Traditional prevention-focused, perimeter-based, manual security measures were already obsolete before anyone discussed AI-based cyberattacks. Enterprises were already flooding with hundreds—often thousands—of alerts, and hundreds of thousands of malicious files, to analyze every day. And conventional rules-based cybersecurity had already begun to fail against the plethora of unknown attacks—and often unknown attackers—facing enterprises.
By the end of 2017, organizations already faced attackers who produced a flood of complex threat data much greater than they could handle with human-only teams. The addition of AI to automate and accelerate cyberattacks will offer a significant problem in 2018. But it is not a new problem—it is an escalation of the data-focused threat landscape we have already been contending with.

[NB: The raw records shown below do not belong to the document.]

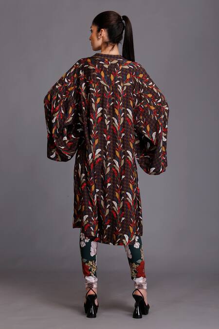 Brown overlap sumo style embroidered jacket in leaf printed motifs.
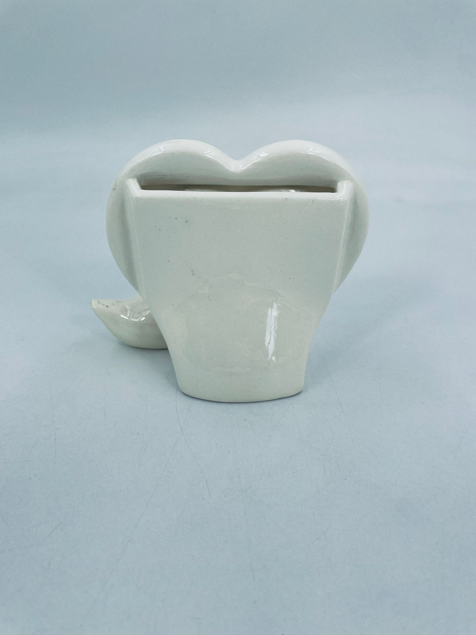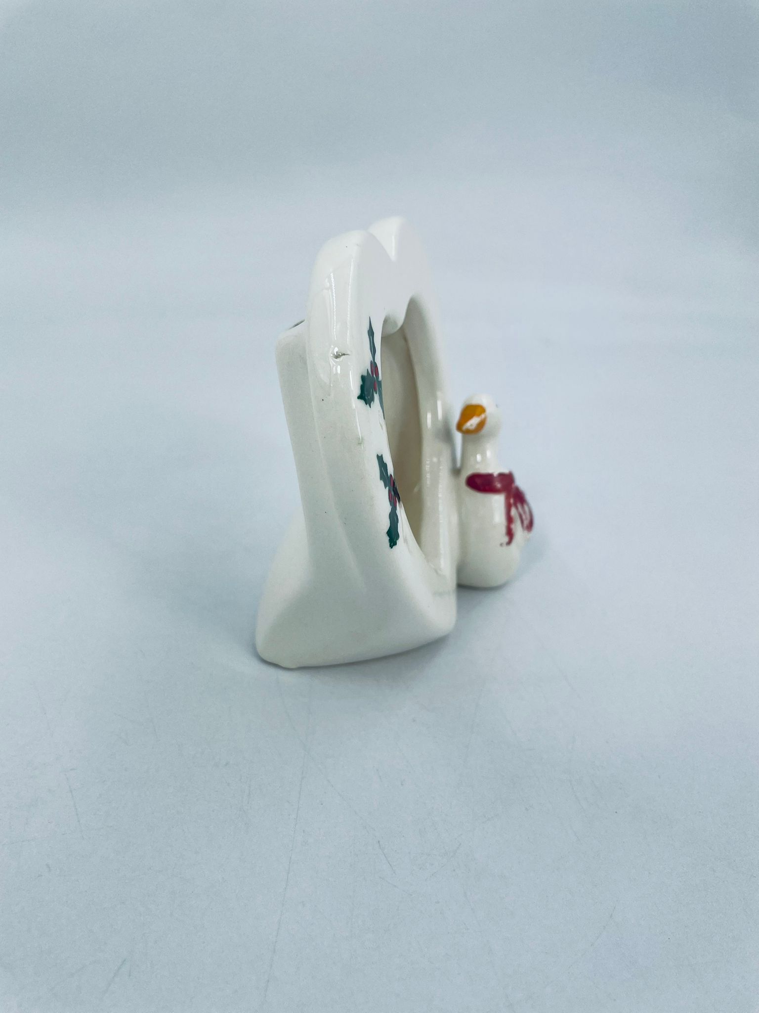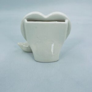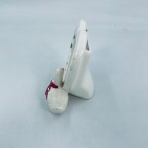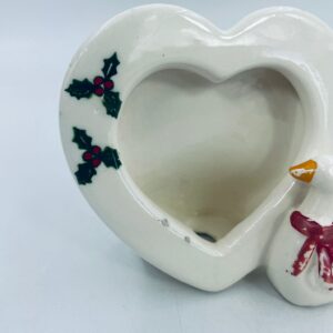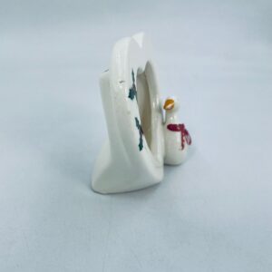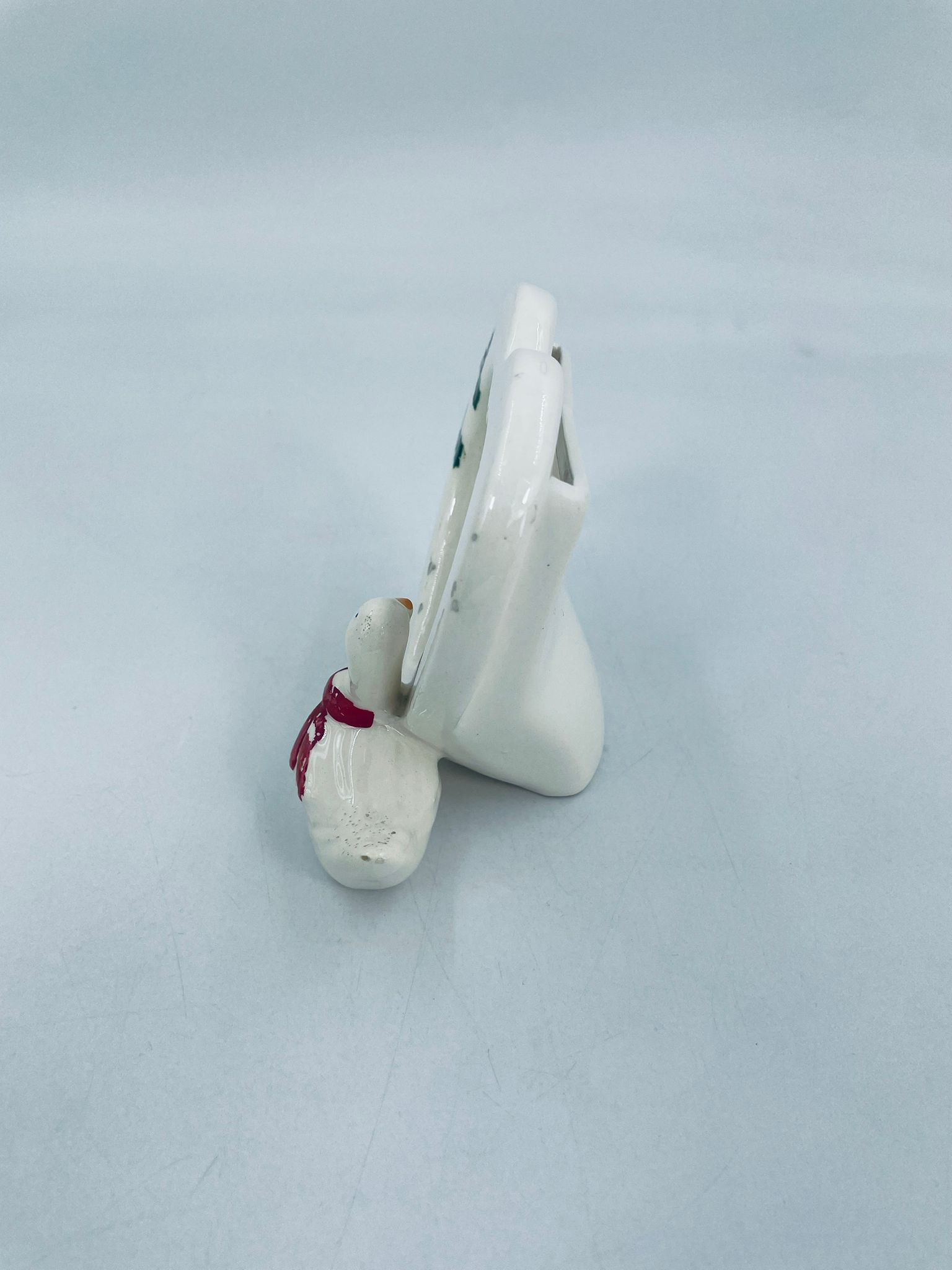 Photo frame with little duck figure, with bow. Heart-shaped opening for a photo. Ceramic frame in white with decoration on the rim. It has minor chipping and rubbing on the bow.
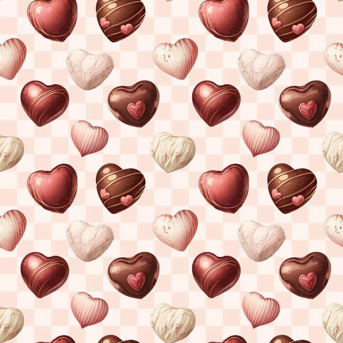 Descrição Tecido Tricoline Digital Bombom de Coração Xadrez
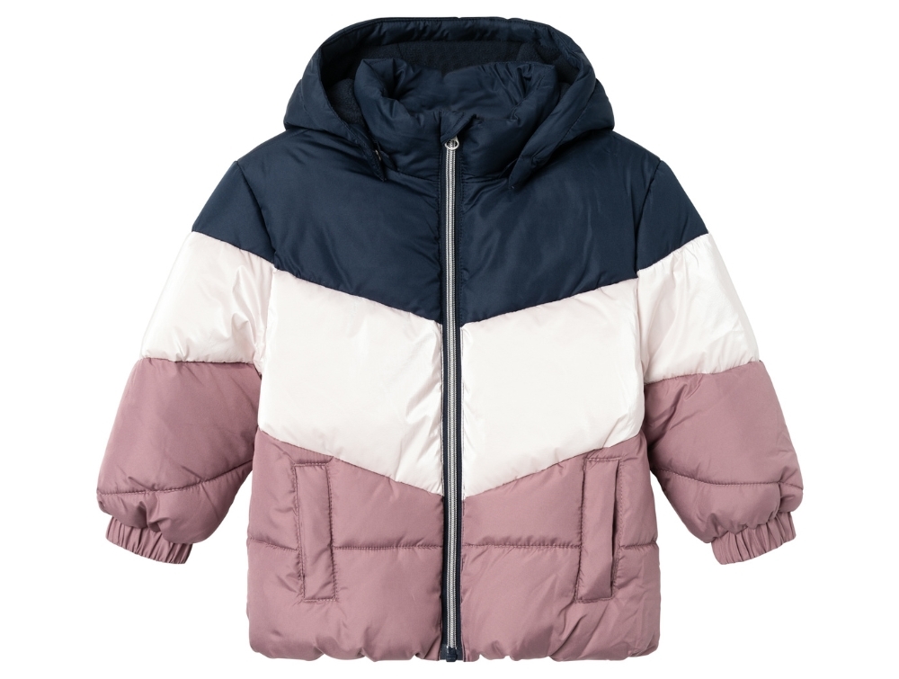 Puffer winter jacket in the grape shake color theme with a detachable hood with snap buttons from Name It.

AI will only deliver one big game change in 2018— cybersecurity providers will begin to deploy their own AI-driven defenses as a standard service.
In 2018, at a base level, AI will give cybersecurity providers the power, speed, and precision they require to effectively handle the accelerating influx of threat data produced by modern cyberattacks. AI-driven systems will work much faster than any human could, and give cybersecurity experts the ability to contend with their massive volume of endlessly varied cyberattacks.
AI will provide value throughout the entire IT stack, and enhance the entire spectrum of cyberdefense activities. It will assist cybersecurity teams as they perform error-free monitoring of the entire IT stack, collect and analyze security data from different data repositories, track various threats, calculate existing vulnerabilities, and triangulate existing breaches. In the event of a breach, the proper AI-driven system will offer intelligent recommendations for threat response, and allow cybersecurity teams to limit damage from a threat within minutes.
Properly deployed, AI will give organizations near-real-time detection to their attacks. And, when properly applied to threat anticipation, AI will provide pre-emptive detection of attacks, by informing organization about which new threats are likely to strike them, and giving organizations effective preventative capabilities for the first time in years.
These capabilities are already deployed by best-in-class modern cybersecurity providers. But as cybercriminals increasingly leverage their own AI to augment their attacks in 2018, these capabilities will be seen as increasingly necessary at every level.
2018 will likely be a year of transition for AI in cyberdefense. Many organizations are still using an MSSP, or have developed an internal SOC, which do not offer mature, end-to-end AI capabilities. But as more organizations adopt a Managed Detection and Response (MDR) service, AI will become a standard element of every effective security posture.
Organizations are waking to this need. Currently, 56% of organizations are actively deploying or investigating security as a service. That percentage will only increase in 2018, as AI continues to act as a major force in both cyberattacks and cybersecurity.